The most beautiful place in the world
A family of Tibetans, swollen and plump from thick layers of yak-wool clothing, stare with bemusement from the confines of their stone garden wall. The eldest lady, assuming our direction, points up the hill and mumbles something in Tibetan.
They have small crimson rounds for cheeks from years of biting mountain cold, their skin has the dull sheen of worn leather and their eyes cast a constant look of inquisitiveness. Curious of us no doubt, as we clamber up the dusty path snaking above the modest settlement of sturdy stone and impressive craftsmanship.
Hands on hips and slightly bent over in the glare of the early spring sunshine, we are breathless, from the thin air at 4010m above sea level, and from the phenomenal natural beauty that lays before us. Piercing the horizon is the Tibetan Plateau, the roof of the world.
It is a strange kind of beauty in the depths of Tibetan Sichuan. Raw and dramatic, with its fearsome grey mountains topped with a delicate halo of snow, they rise so high above the endless grasslands, somehow managing to dwarf the rugged expanse below.
Image by Olivia Toye
As we had wound through the pass to Tagong that morning, the cursive Tibetan script was painted on large smooth boulders along the riverbed. A Buddhist prayer sheet gushing through the valley.

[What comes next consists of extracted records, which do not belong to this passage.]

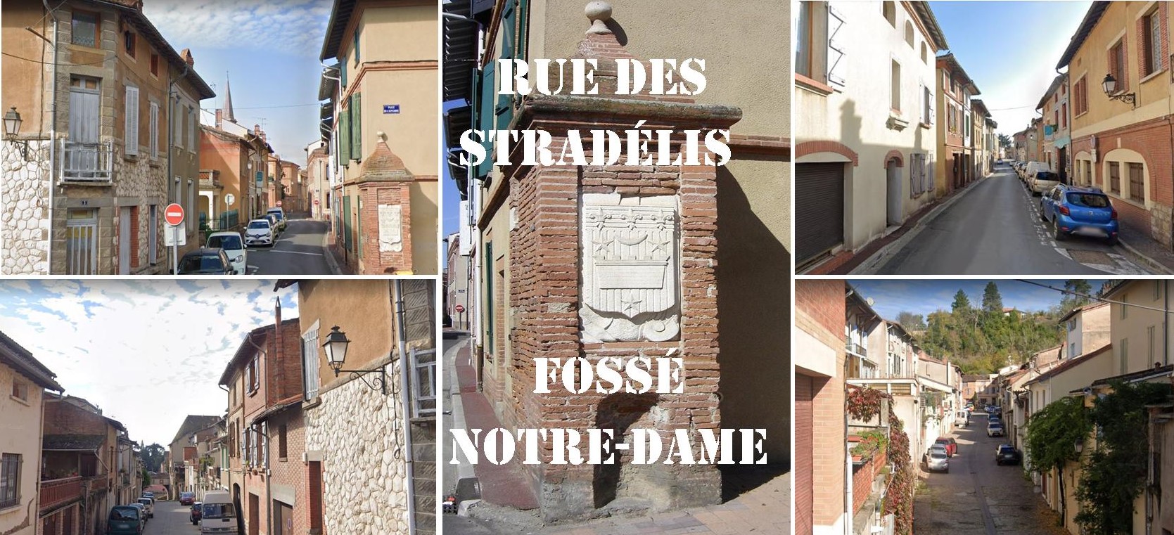 La rue des Stradélis La lecture attentive du premier cadastre de la ville (compoix de 1583/1638) ne fait aucun état de « la rue des Stradélis » mais par contre, mentionne « la rue de la porte Saint-Roch », partie de la voie du haut de la ville entre la rue Saint-Michel et le Fossé …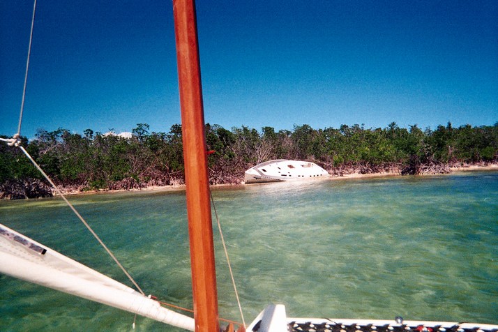 The thin water is very challenging. There are shoals where there is supposed to be 6 feet and sand where there is supposed to be 2. Three hurricanes in the past few years have made a joke of my charts. I am a little concerned sailing downwind at 4 to 5 kt not knowing what to expect ahead. We manage to drag the rudder tips at one point where there was supposed to be 6 feet. I am quickly deciding that perhaps the big blue would be a little less of a problem. That decision is helped by this tree sticking out of in 6 feet of water.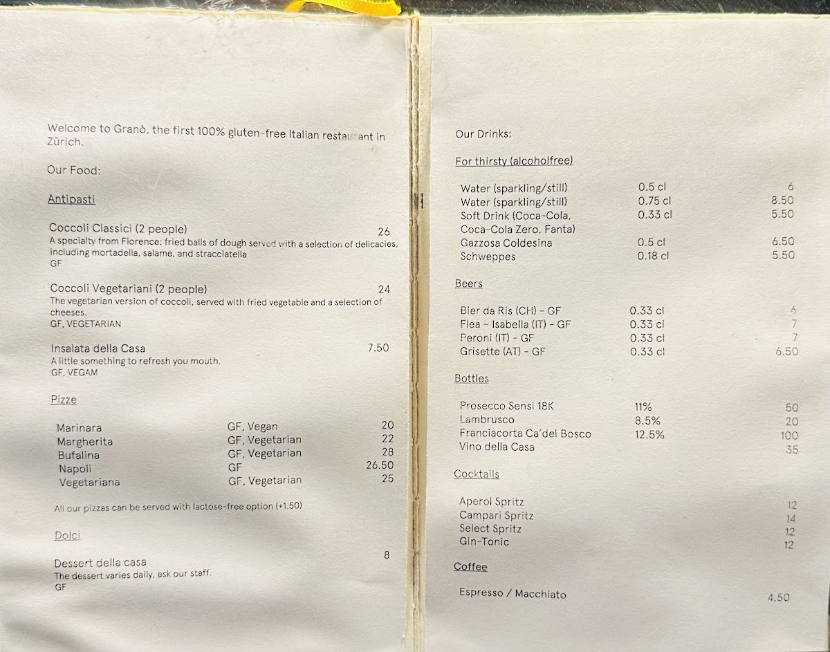 Grano - La Pizzeria 100% Gluten-free Menu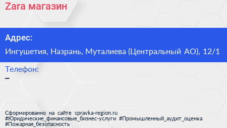 Zara, магазин по адресу Ингушетия, Назрань, Муталиева (Центральный АО), 12/1 в дальнейшем Организация, размещена в следующих категориях: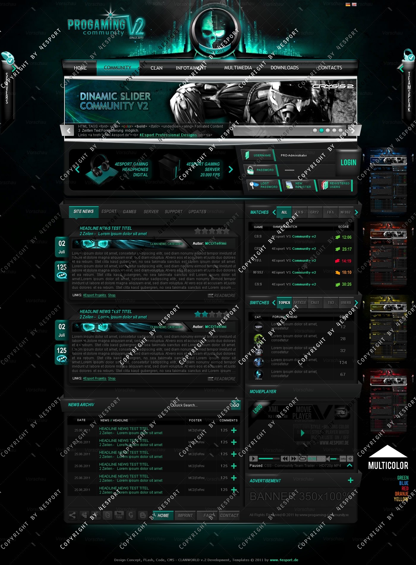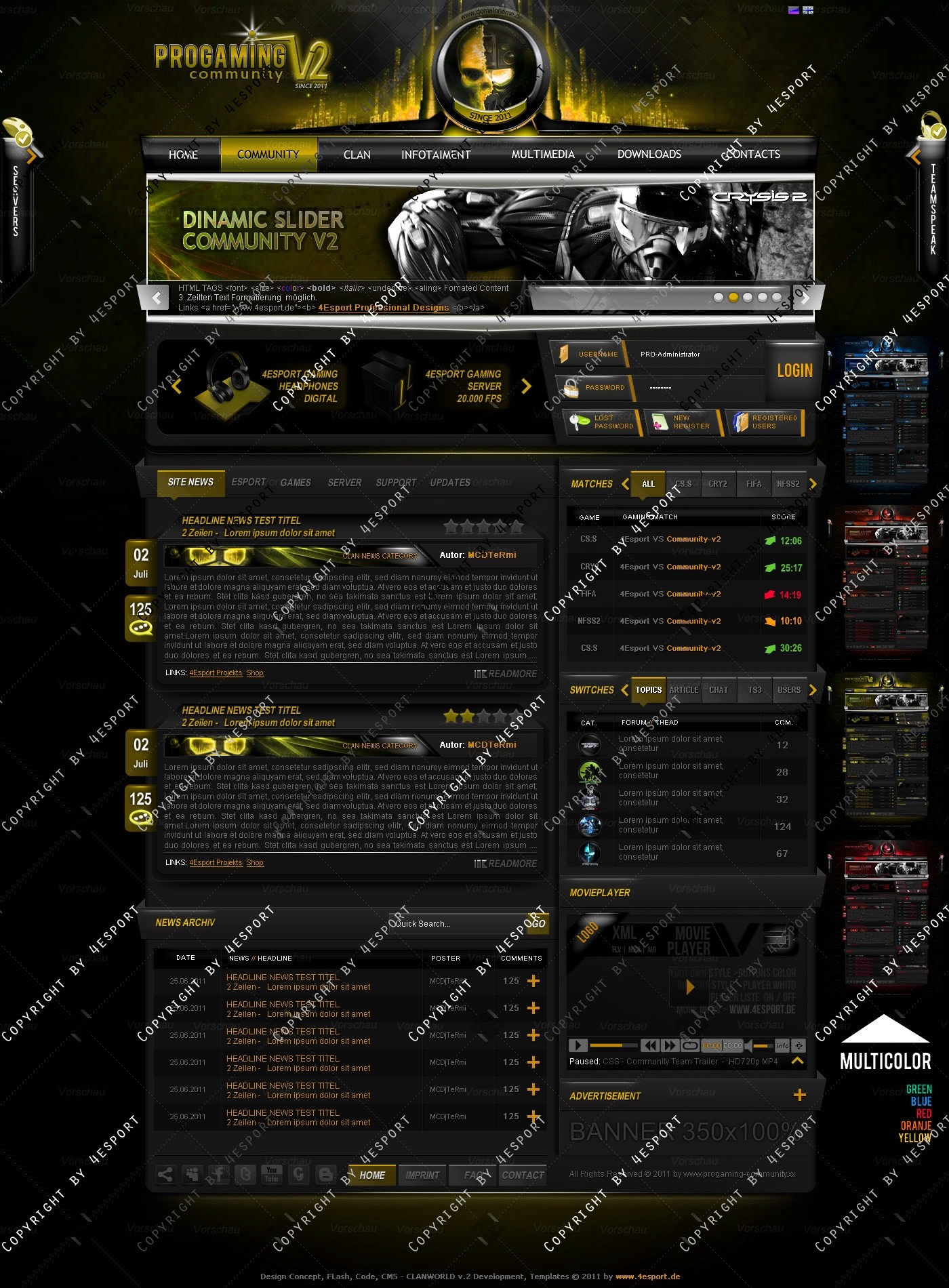 PROGaming Community V2 - Templates Premium Edition mit Flash Player 1 V3 Custom Edition und Featured System, CMS Erweiterung Webspell 4.2.2a, wird auf wünsch auf ClanWORLD v1.1 auch gecodet.

It is an unexplainable feeling to look upon somewhere that is defined by such religious significance, by the perseverance of a traditional culture, by persecution and occupation. Though gone are the days of Genghis Khan’s sword-wielding Mongol armies, the Chinese grip on the homeland of the God King still leaves a thick veil of mystery around the nomads.
Yet in this small Tibetan town in western Sichuan, there is almost no trace of the Chinese. The people are taller and broader. The colours are richer; deep burgundies and burnt oranges replace the brashness of neon red. The gutsy sounds of the Sichuan dialect fade to the melodic rasp of Tibetan, and no one is rushing. It is calm.
We sit outside the monastery watching people come and go, the monks shuffle across the cobbled stone floor from one side of the compound wall to the other, where the large barrel like prayer wheels spin with Buddhist hopes. The matriarchs in their Tibetan dress sit in groups of three or four and chatter, casting a watchful eye on the little ones – nothing but rosy cheeks and grubby little hands poking out from their swaddling.
As the sun comes down on Tagong, the colours intensify in the golden hue; the mountains in all their majesty stand almost in protection of the land beneath them. We have left China behind; the only thing west is the wilderness of the Plateau. We are almost in Tibet.